Seeking a refuge for my soul…
Needing a friend
To help me in the end
Where could I go but to the Lord?”
Recently I wrote a piece concerning the struggle of my niece’s newborn baby boy. Short version: it looked like Copeland wouldn’t survive, then there was evidence of brain damage, then…that evidence wasn’t there anymore.
Copeland is doing great. Really.
This all transpired over the first five days of his life. For his mommy and daddy, and extended family, it was an emotional roller coaster…high “highs”, really low “lows”, and then REALLY high “highs”.
Through it all, one of the unmistakable, unforgettable parts of the unfolding story was the awareness of an amazing community of support for Copeland, Brittainy (Mommy), and Freddie (Daddy). Prayers, messages of support & encouragement, offers to help with whatever was needed. Even while it seemed that our hearts were literally breaking, it was heartwarming to know that there were so many, willing to do whatever they could.

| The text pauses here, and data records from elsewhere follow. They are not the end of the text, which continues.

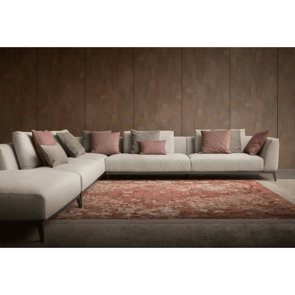 The starting point of the Memories Rug is the precious art of carpet weaving, centred in particular on the ancient Oriental techniques. To these, the futuristic design approach is applied, making use of very personal colours, made of light variations which vibrate between the sheen of silk and the “dusty” patina of wool. The collection, which is enriched every year with new colours, is available in its basic version: linen, wool, silk, and natural fibres; cashmere can be added at customers' request.
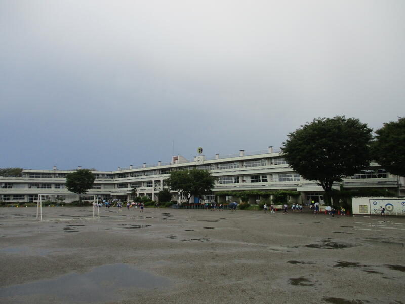 昨日の夕方は雷で雨がけっこう降りました。校庭には水たまりがたくさんできています。
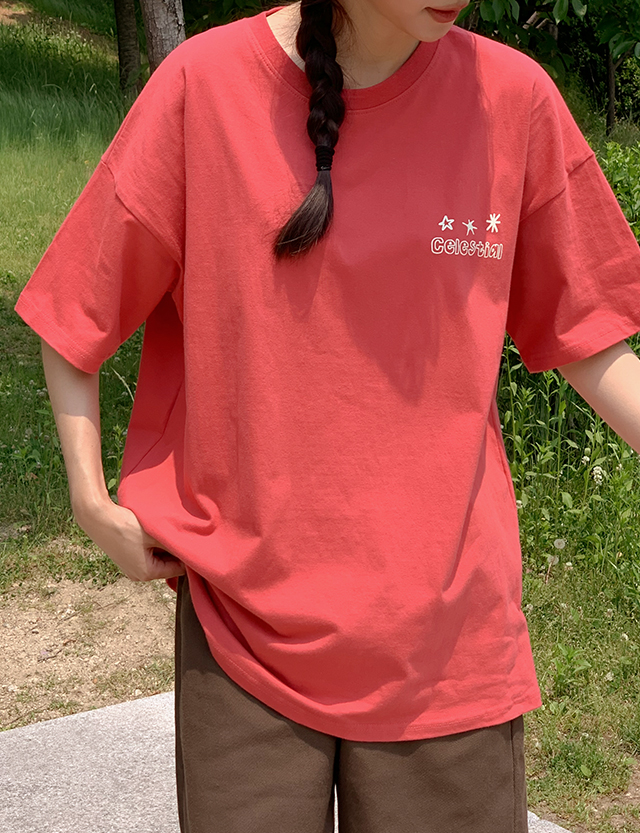 셀레스티 드로잉 나염 루즈핏 롱 반팔 티셔츠 81739
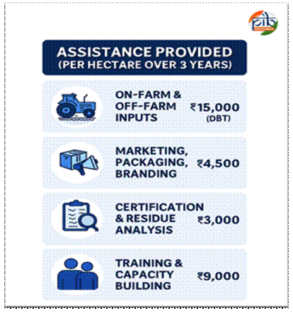 - ₹15,000 for on-farm & off-farm organic inputs (DBT)
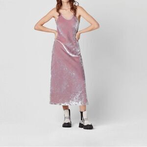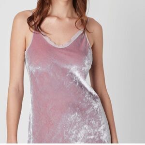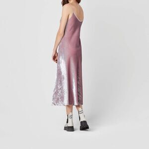 Plush and supple double-dyed velvet, cut on the bias to mold to your body. The raw cut crepe de chine along the neckline adds grungy detail to this luxurious style
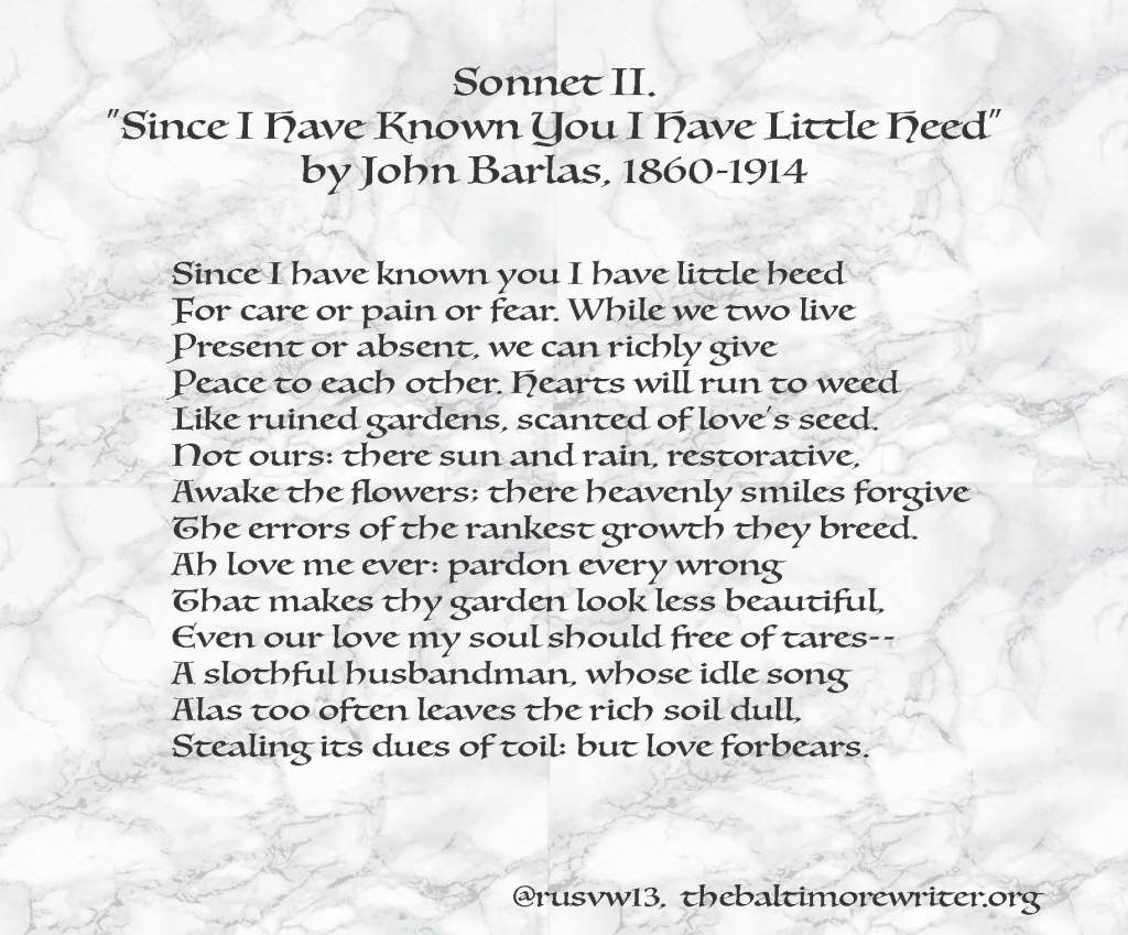 Welcome to day 3 of National Poetry Month. Today, I have chosen to read John Barlas’s Sonnet II, “Since I Have Known You I Have Little Heed,” written in the late 19th century. It is a Petrarchan Sonnet with a CDECDE sextet. I must give a shout out to my old friend Eric Blomquist who started a website titled Sonnet Central many years ago. It was there that I first read a Wordsworth sonnet for him, and I have visited the site often in the decades that have followed. Thank you, Eric, for your passion for sonnets; it burns still within me, and I am grateful to share that passion for sonnets with my students.
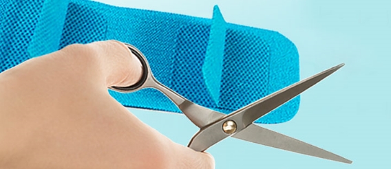部位と必要なタブの数に応じてテープをカットします。肩の場合2~3つ、肘・膝の場合3つ、腰背部の場合5~6つがタブの数の目安です。次にテープの角を丸くカットします。衣服などへの引っ掛かりを防ぎ、はがれにくくなります。
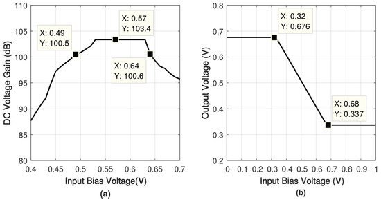 where the is the transconductance of and , and the is the transconductance of and [42]. The is optimized though choosing suitable and to make the second pole much higher than unity gain frequency to obtain sufficient phase margin. is replaced by floating tunable CMOS resistors to reduce the chip area [50]. The bias circuit for this work is illustrated in Figure A1 and Table A1.

Without going into detail…I’ve been there. And, I can tell you, knowing that you’re not alone, and that you’re truly loved, is something that you can’t put a price tag on. That kind of community really is PRICELESS.
But… there are limits to what our friends and community can do.
And, when I’m one of the friends — part of someone’s community when they are in crisis — I’m painfully aware of my limitations to help. I can “be there” for them. I can pray with them, and for them. I can try to provide tangible assistance. And, all of those things are valuable. But, I wish I could do more. We all do, don’t we?
There’s only One Who can.
You can call my faith a “crutch” if you like. I guess it is, really. HE is.
Sometimes, a crutch can be useful, providing assistance to get from one place to the next. Sometimes, a crutch is the difference-maker.
Sometimes, a crutch is the only thing that enables you to go on.
However, sometimes a “crutch” isn’t enough. Copeland needed more than community… and more than a crutch. Neither crutches or community can take a damaged human brain and make it normal and undamaged.
Copeland needed a miracle. “Where could I go, oh, where could I go, but to the Lord?”
I realize that not all of you share my faith. I think — I hope — that you know that I don’t think less of you because of that. And, I understand that — because of things you’ve seen… things that you’ve experienced, sometimes at the hands of “Christians” — you have reasons for not believing. And, I’m sorry.
And, I’m not trying to convert you, or convince you to make a public confession, while you read this. Really.
Here’s what I’m trying to do, full disclosure: When you need Him… when a crutch, or community, isn’t enough… when you’re in a really dark place, and you can’t find the light switch… I hope you’ll remember Doug McGarity writing about an old, old song that asked the rhetorical question: Where could I go but to the Lord? And, I hope you’ll have just enough faith… or guts, or something… to just say, “God, if you’re there, please… Help!”
I can’t guarantee you that He’ll do a “Copeland-type” miracle. I can’t come close to understanding the how’s and why’s of His moving. But, I really believe that He’ll hear you. And, somehow, He will help. He loves you.